Barry McKenzie Holds His Own is the 1974 sequel to the 1972 Australian comedy film The Adventures of Barry McKenzie.

Returning from the original film is Barry Crocker in the title role, as well as Barry Humphries in the role of Barry's aunt, Edna. Also returning in the director's chair is Bruce Beresford. The then Prime Minister of Australia, Gough Whitlam, along with his wife Margaret Whitlam, made cameo appearances as themselves.

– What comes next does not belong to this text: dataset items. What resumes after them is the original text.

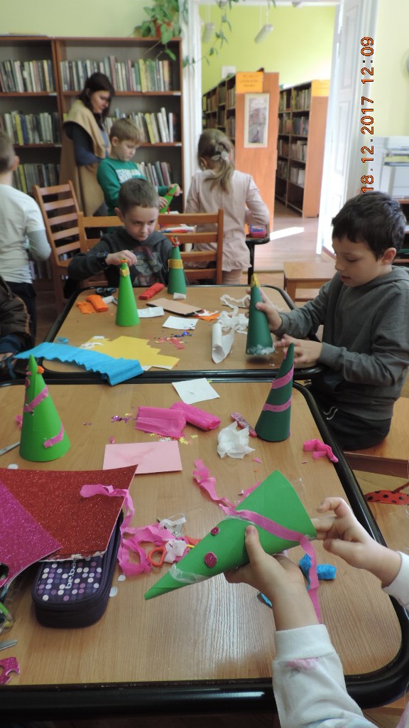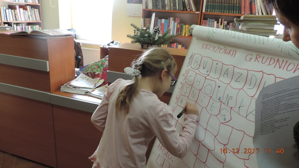 Dzieci rozwiązały krzyżówkę grudniową. Wspólnie z bibliotekarzami wykonały dekoracje na swoich choinkach. Ułożyły piękne życzenia na mega kartkę świąteczną, która stoi tuż przy bibliotecznej choince. Na pamiątkowym zdjęciu pozostawiły wiele uśmiechów i radości…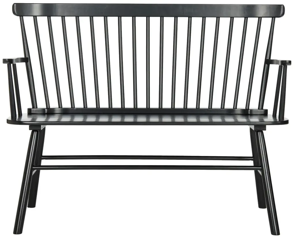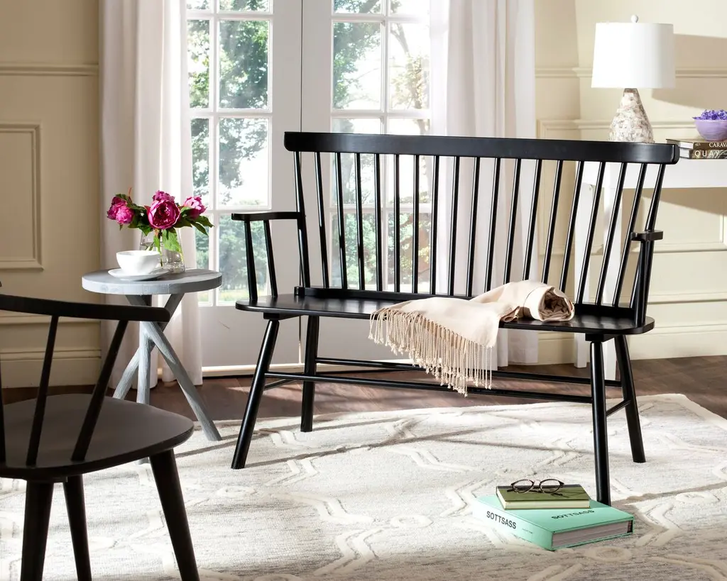 This rubberwood loveseat boasts sleek sophistication thanks to its classic Windsor-style framework and glossy lacquer finish.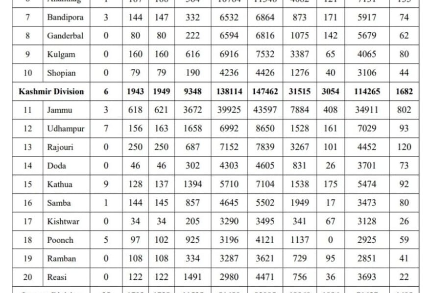 Dividing the cases district wise, it mentioned that 404 cases were reported from Srinagar, 129 from Baramulla, 262 from Budgam, 390 from Pulwama, 110 from Kupwara, 188 from Anantnag, while Bandipora 147, Ganderbal 80, Kulgam 160, Shopian 79, Jammu 621, Udhampur 163, Rajouri 250, Doda 46, Kathua 137, Samba 145, Kishtwar 34, Poonch 102 Ramban 108 and Reasi 122.

Barry Humphries contends that Barry McKenzie was an inspiration for the later film Crocodile Dundee.

Plot
The film continues directly where The Adventures of Barry McKenzie ended with Barry McKenzie (Barry Crocker) and his aunt Edna returning home to Australia from England.

During the flight two henchmen of Count Plasma (Donald Pleasence) (a Dracula-type Minister of Culture from the People's Republic of Transylvania) mistake Edna for the Queen of the United Kingdom and kidnap her during their brief stopover in Paris, believing that she will draw tourists to their country.

It is then up to Barry, his identical twin brother the Reverend Kevin McKenzie, his Parisian expatriate Aussie friend "Col the Frog" (Dick Bentley) and his other expatriate mates in France and England to head a team of Australian agents to be parachuted into Transylvania and rescue Edna.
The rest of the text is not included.